Fred James Cook (March 8, 1911 – April 4, 2003) was an American investigative journalist, author and historian who has been published extensively in The Nation, the Asbury Park Press and The New York Times. He wrote from a contemporary perspective about the Hindenburg disaster, Alger Hiss, the FBI, the Cuban Missile Crisis, Barry Goldwater, the Watergate scandal, the Mafia, the Ku Kux Klan, political bosses and healthcare in the United States. He has also written about historic events such as the American Revolutionary War, P.T. Barnum, the Pinkertons and Theodore Roosevelt.

In 1967, Cook successfully sued the religious broadcaster WGCB for maligning him in a landmark case that led the United States Supreme Court in 1969 to uphold the fairness doctrine. 

He is the author of 45 books and a winner of the Heywood Broun Award for exposing social injustice.

Early life
Cook was born in Point Pleasant, New Jersey, and grew up in a house on Bay Avenue near the border with Bay Head. On his mother's side, he was descended from an old New Jersey family, the Comptons. He graduated from Rutgers University in 1932.

Career
Cook began his career in journalism first as a rewrite man and then as a reporter for the Asbury Park Press. He later wrote for the New York World-Telegram, focusing on crime reporting. He uncovered the confession of John Francis Roche in the murder case of Navy sailor Edward S. Bates, which freed Paul A. Pfeffer, who had been convicted of the murder.

While editor of the weekly New Jersey Courier in Lakewood, New Jersey, he covered the nearby 1937 Hindenburg disaster. Having witnessed the airship flying overhead at Toms River, New Jersey, he first wrote about its anticipated safe arrival at the Lakehurst Naval Air Station, then had to quickly rewrite the story after getting to the crash site while the ship was still in flames. A few hundred copies of the earlier edition, with the wrong story, were already on their way to news stands, "so I knew I had to collar them and get them back," Cook said.

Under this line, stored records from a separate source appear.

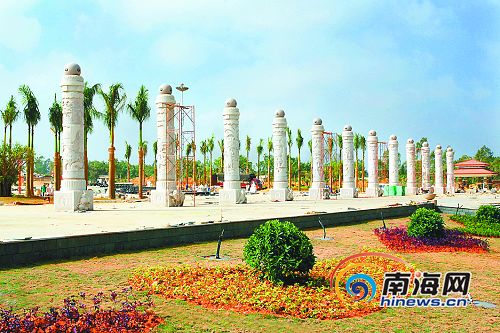 今年歡樂節的主會場將設在那大城北新區的文化公園。走進公園門口,最引人注目的是聳立在公園中心廣場上的十二根高9.6米的生肖柱。每根生肖柱由5塊花崗巖組成,上面刻有文字,記載儋州二千多年來發生的重大事件,充分展示了儋州深厚的歷史文化內涵和獨特的城市魅力。整個文化公園占地120余畝,歡樂節開幕當天,來自各地的2.3萬名嘉賓將在這里載歌載舞,共慶歡樂節。
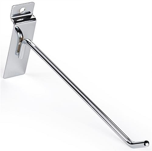 Set up an organized slatwall fixture by hanging merchandise in your shop with this 8” chrome display hook for slat panel. Each metal peg is crafted from heavy duty material to ensure long lasting use supporting a variety of products. An angled tip ensures snacks and accessories stay on the glossy chrome display hook for slat panel without falling off.
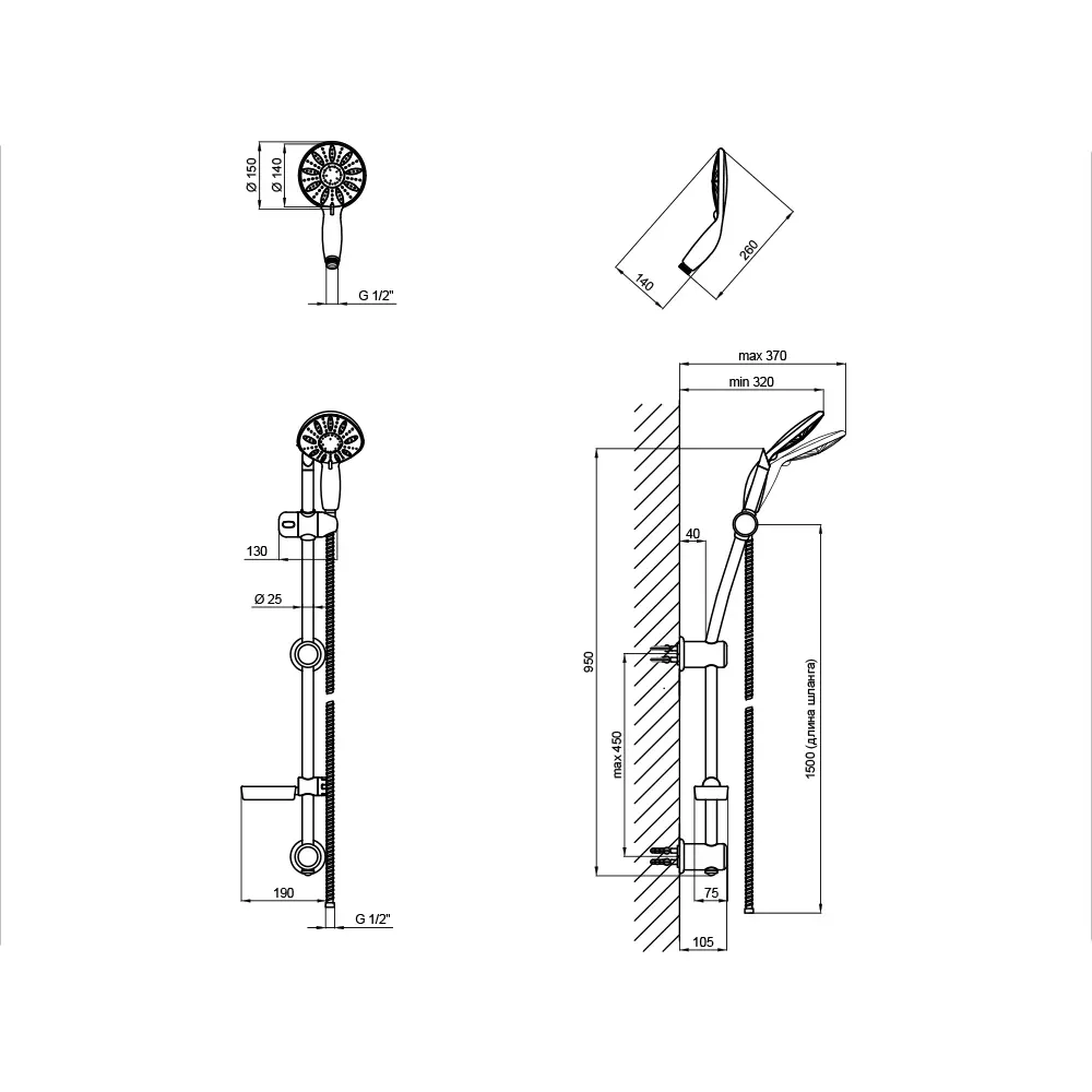 Душова стійка, Кронштейн для ручного душу, Лійка для ручного душу, Мильниця, Душовий шланг, Кріпильні деталі

Though conservative in many respects, Cook wrote a number of articles for The Nation magazine, together with his longtime World-Telegram collaborator, Gene Gleason, and took positions usually identified with the left.  For instance, he opposed the death penalty, taking the position that it was cruel and didn't deter crime.  He was also highly critical of the FBI, the CIA, and the Alger Hiss perjury conviction, as well as oil companies and defense contractors.  His writing made him the target of FBI investigations against him.

For The New York Times, Cook wrote about spending time inside Sing Sing state prison, militant community organizers in Newark, and environmental catastrophes in other parts of New Jersey. He also wrote an Op-Ed about the 1979 oil crisis for The Washington Post that provoked a response from a senior director at the American Petroleum Institute. He has also written about the American Revolutionary War and the La Amistad slave ship rebellion for American Heritage magazine.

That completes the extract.